| Assigned task |
What you return must be an exact copy of the lines in the listing below between the line holding "今回新築するにあたり、大塚さんに担当して頂き大変満足しております。" and the line holding "1899 – Abril", inclusive, and nothing more.

| Task input |
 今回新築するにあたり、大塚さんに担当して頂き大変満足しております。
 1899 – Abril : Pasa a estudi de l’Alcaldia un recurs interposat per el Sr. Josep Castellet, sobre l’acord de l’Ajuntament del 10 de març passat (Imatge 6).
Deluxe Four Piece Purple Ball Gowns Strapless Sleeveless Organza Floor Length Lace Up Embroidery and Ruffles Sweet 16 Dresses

==

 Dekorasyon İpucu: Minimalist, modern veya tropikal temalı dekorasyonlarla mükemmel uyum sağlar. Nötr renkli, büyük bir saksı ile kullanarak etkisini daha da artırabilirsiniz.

| Your response |
 今回新築するにあたり、大塚さんに担当して頂き大変満足しております。
 1899 – Abril : Pasa a estudi de l’Alcaldia un recurs interposat per el Sr. Josep Castellet, sobre l’acord de l’Ajuntament del 10 de març passat (Imatge 6).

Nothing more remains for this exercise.